TASK INSTRUCTIONS: Would you retype, word for word, only the lines from the one holding "Die Temperaturen erreichen" through the final line of the entries below, without the pictures?

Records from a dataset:
+ + +

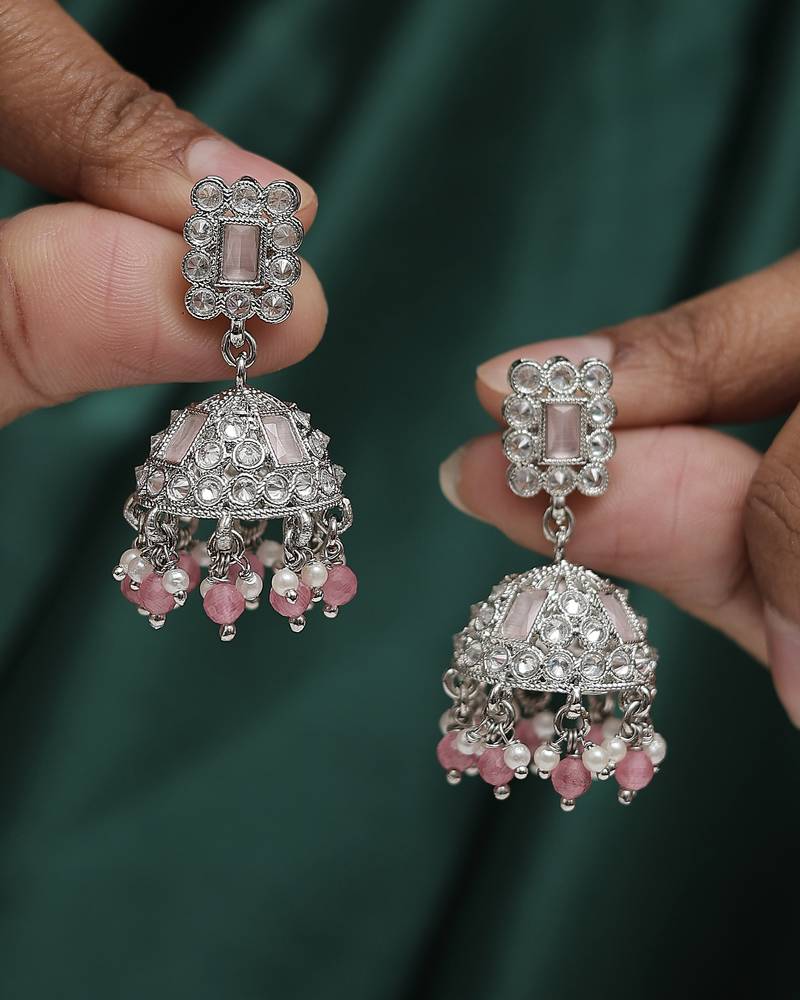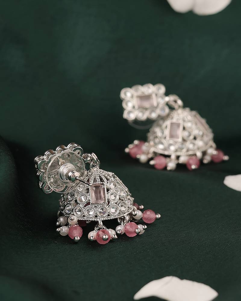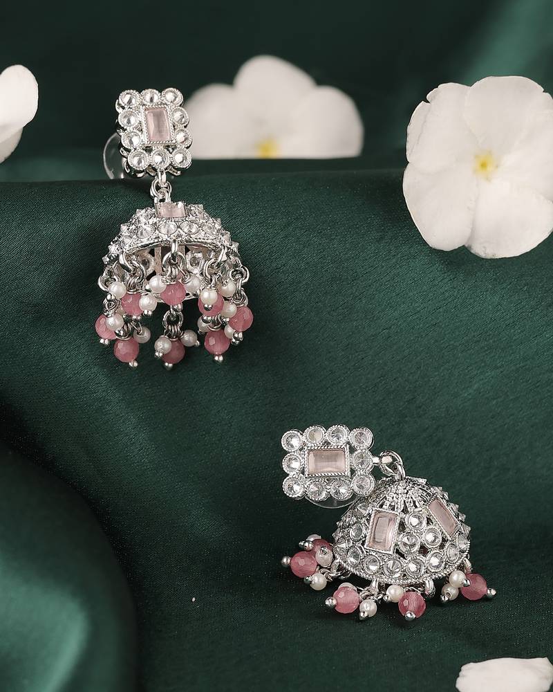 Product Name | Dazzling Square Shape Silver Plated Pink Kundan Stone Jhumki Earring For Women And Girls | |
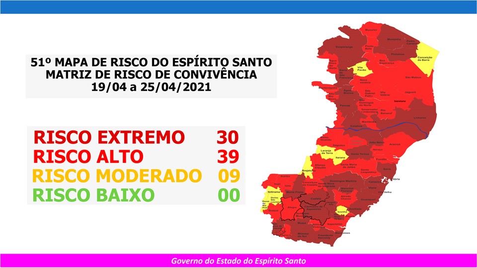 O Governo do Estado anunciou, nesta sexta-feira (16), o 51º Mapa de Risco Covid-19, que terá vigência desta segunda-feira (19) até o próximo domingo (25). Dos 78 municípios capixabas, 30 estão classificados em Risco Extremo, 39 em Risco Alto e outros nove em Risco Moderado. Não há municípios classificados em Risco Baixo.
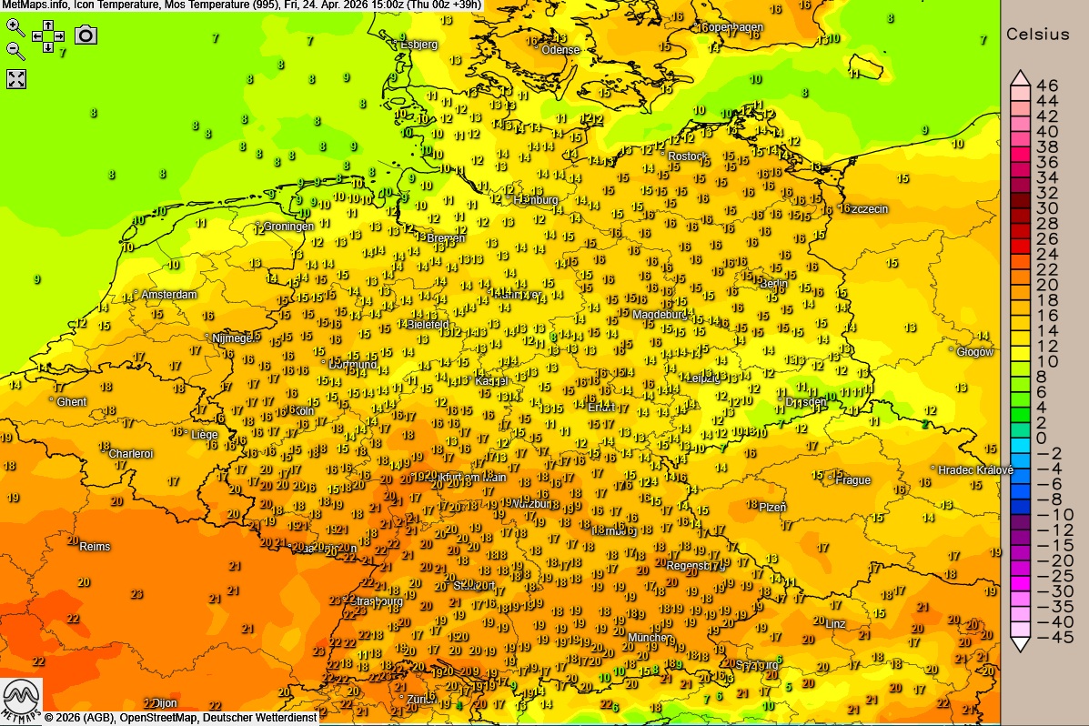 Die Temperaturen erreichen im Norden und Osten je nach Sonnenscheindauer angenehme 12 bis 16 Grad. Deutlich milder zeigt sich der Südwesten: Entlang des Oberrheins sowie im Neckartal sind Höchstwerte um 20 Grad möglich.
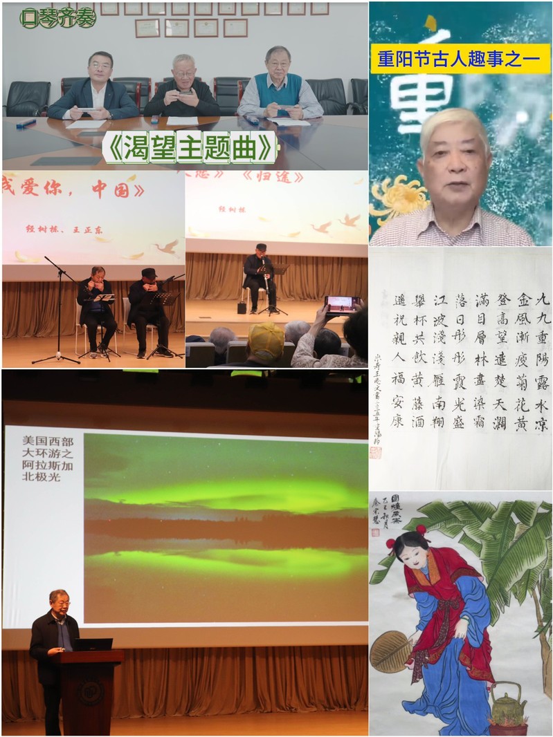 随后,多位退休教师登台展示了他们“退休不褪色、晚年亦芳华”的别样风采。现场既有潘家祯老师制作的趣味短视频《古人的重阳节这样玩》,也有秦宗慧老师笔触细腻、意境清新的工笔画作《仕女、花卉图》。王正东老师以《我的退休10年》为题,分享了退休后“行走天下”的精彩历程——从川西雪山到珠峰银河,从阿拉斯加极光到澳大利亚粉红湖,他用镜头与文字记录山河壮美,用脚步诠释“只要能动,仍想远行”的生命热情。他还介绍了未来十年撰写个人传记、参与院志编撰等计划,展现了退休教师退而不休、持续发光的精神风貌。在音乐环节,经树栋、王正东、安琦三位老师以口琴奏响《渴望》《我的祖国》等时代旋律,并现场合奏《我爱你,中国》;经树栋老师还演绎了电吹管曲目《秋恋》《归途》,将传统器乐与现代电子音效巧妙融合,悠扬旋律中饱含深情,引来全场阵阵掌声。
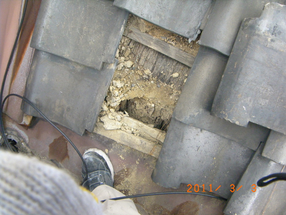 最近雨が降ると良く漏るので見てほしいとの依頼が有ったのでいざ屋根に登って見てびっくり、瓦がズレていて完全に治すには葺き替えなければいけないのですが予算が無いとの事とりあえず応急修理をしました。

+ + +

TASK RESPONSE:
 Die Temperaturen erreichen im Norden und Osten je nach Sonnenscheindauer angenehme 12 bis 16 Grad. Deutlich milder zeigt sich der Südwesten: Entlang des Oberrheins sowie im Neckartal sind Höchstwerte um 20 Grad möglich.
 随后,多位退休教师登台展示了他们“退休不褪色、晚年亦芳华”的别样风采。现场既有潘家祯老师制作的趣味短视频《古人的重阳节这样玩》,也有秦宗慧老师笔触细腻、意境清新的工笔画作《仕女、花卉图》。王正东老师以《我的退休10年》为题,分享了退休后“行走天下”的精彩历程——从川西雪山到珠峰银河,从阿拉斯加极光到澳大利亚粉红湖,他用镜头与文字记录山河壮美,用脚步诠释“只要能动,仍想远行”的生命热情。他还介绍了未来十年撰写个人传记、参与院志编撰等计划,展现了退休教师退而不休、持续发光的精神风貌。在音乐环节,经树栋、王正东、安琦三位老师以口琴奏响《渴望》《我的祖国》等时代旋律,并现场合奏《我爱你,中国》;经树栋老师还演绎了电吹管曲目《秋恋》《归途》,将传统器乐与现代电子音效巧妙融合,悠扬旋律中饱含深情,引来全场阵阵掌声。
 最近雨が降ると良く漏るので見てほしいとの依頼が有ったのでいざ屋根に登って見てびっくり、瓦がズレていて完全に治すには葺き替えなければいけないのですが予算が無いとの事とりあえず応急修理をしました。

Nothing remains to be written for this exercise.